Member of the U.S. House of Representatives from Georgia's 2nd district
- In office January 3, 1971 – January 3, 1981
- Preceded by: Maston E. O'Neal Jr.
- Succeeded by: Charles Hatcher

Personal details
- Born: Marvin Dawson Mathis November 30, 1940 Nashville, Georgia, US
- Died: April 17, 2017 (aged 76) Tifton, Georgia, US
- Party: Democratic
- Alma mater: South Georgia College
- Occupation: Politician

= Dawson Mathis =

American politician (1940–2017)

Marvin Dawson Mathis (November 30, 1940 – April 17, 2017) was an American politician.
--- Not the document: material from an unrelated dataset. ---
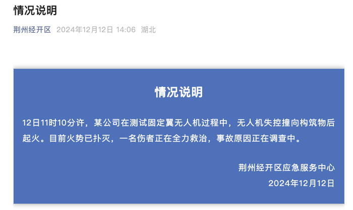 12月12日,湖北荆州经开区一家公司在测试固定翼无人机时,无人机失控撞向构筑物后起火,一名伤者正在救治,事故原因正在调查中。

A Democrat, he was a member of the United States House of Representatives from Georgia.

== Early life ==
Mathis was born on November 30, 1940, in Nashville, Georgia, the son of Marvin W. Mathis and Nell Dawson (née Abel) Mathis. Educated at public schools in Nashville, he studied at South Georgia State College. From 1964 to 1970, he was director of WALB.

== Career ==
Mathis was a Democrat. He was a member of the United States House of Representatives from January 3, 1971, to January 3, 1981, representing Georgia's 2nd district. While serving, he was a member of the Committees on Agriculture and on Interior and Insular Affairs.

Mathis unsuccessfully ran for the United States Senate in 1980, losing the primary to Herman Talmadge. He then unsuccessfully ran again for the House in 1982. Ideologically, he was conservative. He supported low taxes, small government spending, and national defense.

After serving in Congress, Mathis became a lobbyist, as which he represented MassMutual, the Pacific Gas and Electric Company, the United Parcel Service, and the Westinghouse Electric Corporation, among other clients. He retired in 2009.

== Personal life and death ==
On July 26, 1959, Mathis married Patricia Ann Connell, with their marriage ending in divorce. He then married Sharon Beavers, who he also divorced. He married his third wife, Cathy-Jo Kaseman, c. 2005. He had four children, all from his first marriage.

In 2005, Mathis moved from Washington, D.C., back to Nashville. In his later years, he lived in Berrien County. He was a member of the Benevolent and Protective Order of Elks, the National Fraternal Order of Police, and Toastmasters International. He died on April 17, 2017, aged 76, in Tifton, from heart failure.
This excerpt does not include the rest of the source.